51. Barossa Valley, Australia
The world's love affair with shiraz is bringing wine spectators to Australia's Barossa Valley. The hilly region is home to some of the world's oldest shiraz vines, some dating back to the 1840s. And if the more than 60 wineries aren't enough, Barossa also offers an artisanal cheese trail, and nearby Adelaide is a foodie destination in its own right.
52. Tokaj, Hungary
Backpacking wine tours? The Hungarian wine region of Tokaj is regaining its reputation for quality whites, especially wheat-colored dessert wines made from furmint grapes. The region's winemaking was reborn after the fall of Communism.

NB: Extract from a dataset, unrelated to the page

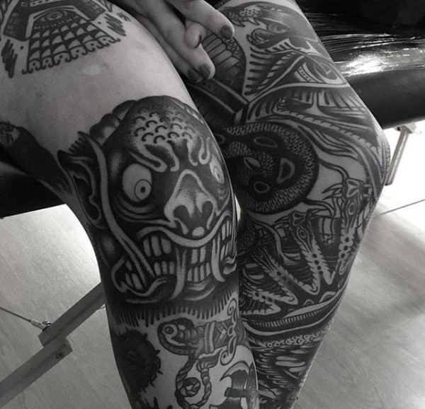 黑色鬼面妖怪面具般若纹身图案来自纹身师西蒙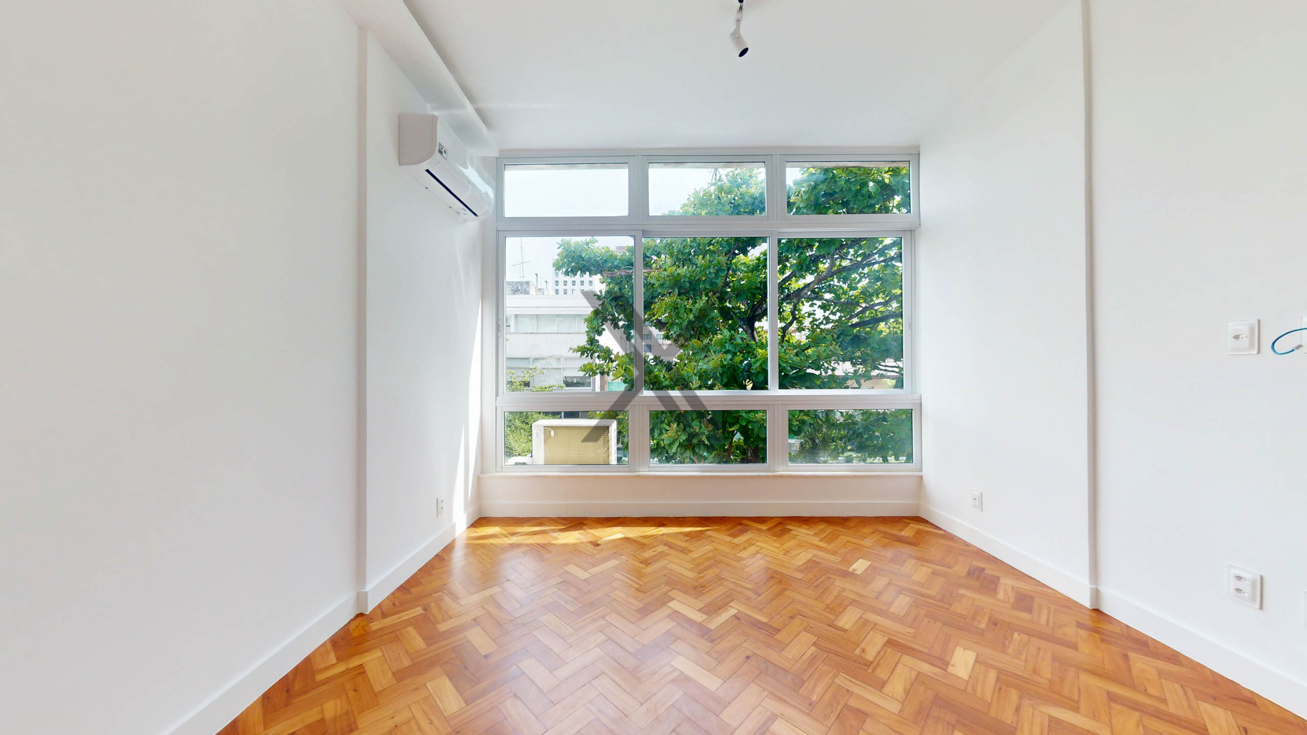 A área social é composta por uma sala que pode ser dividida em 2 ambientes com conforto, amplas janelas, com vista para a copa das árvores, que proporcionam bastante luz natural, ar condicionado split instalado, além de piso de madeira em tábua corrida.

The Grof Degenfeld, housed in an old castle, even has a plush hotel that offers two-day packages starting at 191 euros, or $283 at $1.50 to the euro (www.hotelgrofdegenfeld.hu).
53. New York
The lights are back on Broadway. And the strike settlement couldn't have come soon enough for several well-publicized productions scheduled to open before the May 7 deadline for the 2007-08 Tony Awards. Among the more highly awaited shows are three revivals: A 40th-anniversary production of "The Homecoming," Harold Pinter's play about a dysfunctional family (as if there were any other kind), starring Ian McShane; "Come Back, Little Sheba," the William Inge chestnut, featuring the Emmy Award-winning actress S. Epatha Merkerson; and an inventive take on "Sunday in the Park With George," Stephen Sondheim's Pulitzer Prize winner, which comes to New York via London and the Menier Chocolate Factory theater company. And for lovers of street theater, the action downtown in the meatpacking district continues to heat up with the arrival of the Standard New York hotel.